There is a general asset price bubble in process. If you look at stats like GDP, production, exports, interest rates, bond prices and house prices the developed world's recovery is not based on innovation and production but debt.
Cash is flowing around the economy being printed or virtually created in vast amounts and then passed on at close to zero interest rates. This money is very expensive to get hold of if you are a regular person at credit card APR levels or very, very expensive if you go for payday loans. However money is cheap if you are a bank, billionaire or VC. Hence IPOs have become the casino of the rich.
If you have money at near zero interest rates then you are, in effect, just using other people's money. Mostly taxpayers since they are funding the sovereign debt. So normal calculations of investment and return dont apply. So what if your investment goes up and down because you borrowed the money from a bankrupt bank that got the money from a central bank that printed it.
It's not a bubble in the traditional sense because even if the price collapses the only people who lose are are the taxpayers in different countries funding the debt....
Who allocates long-term state funding for new ventures and enterprises? Name any that have been successful. Bureaucrats are no good at picking winners. Europe does not have many real venture capitalists, as in Silicon Valley. Most of those who call themselves venture capitalists are really into funding later stage ventures for growth rather than technology start-ups at inception.
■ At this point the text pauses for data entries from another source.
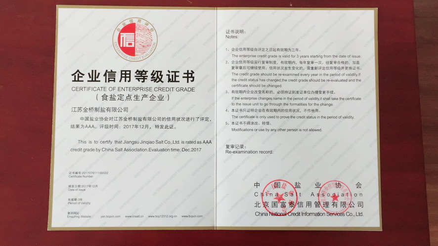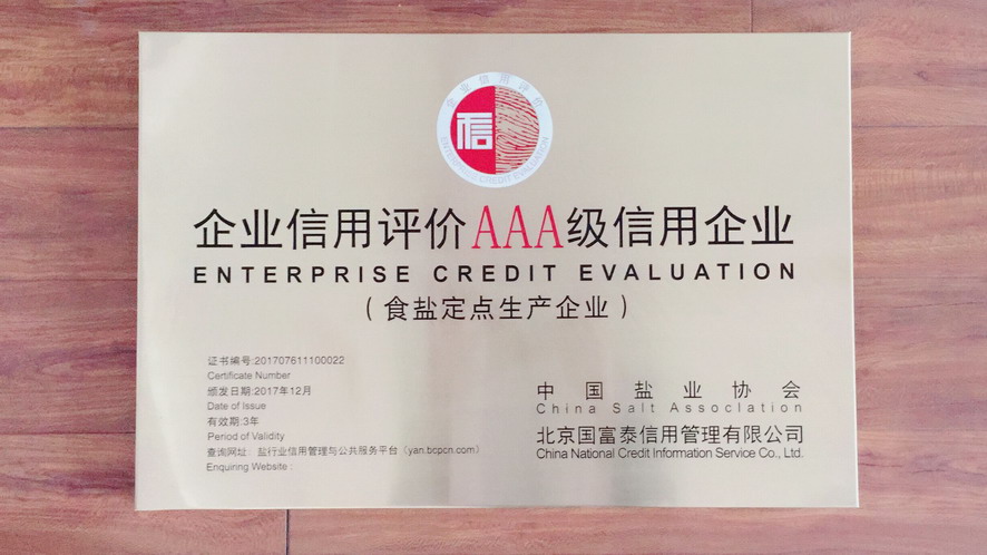 按照主營業(yè)務(wù)收入、利潤、主營業(yè)務(wù)收入利稅率及主營業(yè)務(wù)增速四項(xiàng)指標(biāo)評價,2016年集團(tuán)公司被中國輕工業(yè)聯(lián)合會和中國鹽業(yè)協(xié)會評為中國輕工業(yè)制鹽行業(yè)十強(qiáng)企業(yè)。根據(jù)《社會信用體系建設(shè)規(guī)劃綱要(2014—2020)》,經(jīng)第三方專業(yè)評價機(jī)構(gòu)和中國鹽業(yè)企業(yè)信用等級評價委員會審核并向社會公示,2016年江蘇金橋制鹽有限公司被評為AAA級食鹽生產(chǎn)企業(yè)。
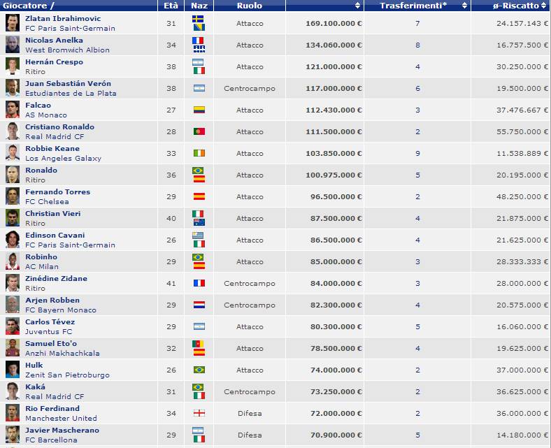 20 CALCIATORI PIU’ COSTOSI – Quali sono i calciatori che nella loro carriera hanno mosso più denari? Andando a ripercorrere tutta la storia relativa ai loro trasferimenti Transfermarkt.it ha stilato la classifica dei 20 calciatori costati di più nella storia, sommando i vari passaggi di squadra. Al primo posto, come non poteva essere altrimenti, troviamo Ibrahimovic, che in carriera è costato ben 169 milioni di euro ai vari PSG, Milan, Juve, Barcellona, Inter e via dicendo. Sorpresa al secondo posto per Anelka, che ha giocato in carriera in club blasonati come Real Madrid, Arsenal, PSG, City, Juventus ed altri ancora. Al terzo posto troviamo invece Crespo, seguito da Verona, Falcao e CR7. Fra le sorprese di questa top 20, Robbie Keane, Emerson e Huntelaar.
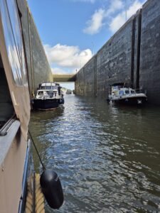 Schon nach flotten 4,5 Kilometern bergauf erreichten wir um 10:50 Uhr die Schleusenanlage von Lanaye mit ihren vier mächtigen Kammern. Andreas übernahm die Anmeldung mit souveräner Sprachgewandtheit auf Französisch. Just in dem Moment, als ein Frachter talwärts Kammer 3 (Länge 136 m, Breite 16 m, Fallhöhe 13,65 m) verliess, durften wir direkt einfahren – ohne Wartezeit, wie es sich gehört.
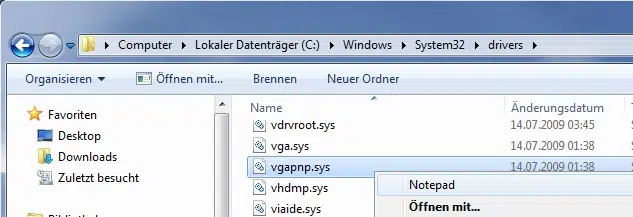 Öffnen von „c:\windows\system32\drivers\vgapnp.sys im Editor
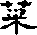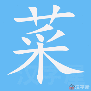 字源解说 采,既是声旁也是形旁,表示采摘。菜,篆文 = (采,摘)+ (艸,植物),造字本义:古人采摘来当作食物的植物。篆文 基本承续金文字形,将金文的 写成 。隶书 将篆文的“艸” 写成 “艹” 。 附 文言版《説文解字》:菜,艸之可食者。从艸,采聲。 附 白话版《说文解字》:菜,百草中可以食用的植物。字形采用“艸”作边旁,“采”是声旁。 引申线索
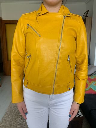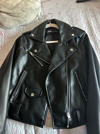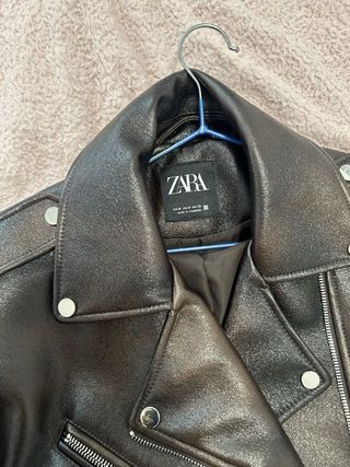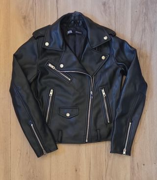 Chaqueta de cuero sintético de la marca Zara. - Diseño moderno y versátil. - Acabado liso y elegante. - Cierre frontal. - Muy bien cuidada.

Most of the European success stories actually got themselves funded despite these handicaps, because of the sheer market appeal of their offerings. Irrational exuberance is a wider market phenomemon, not just restricted to tech bubbles. It also happens in property, as a glaring example. The reason is always market manipulators - pimp and dump tactics by market gatekeepers, for example investment broker firms who deal in tech stocks and banks who lend for property bubbles.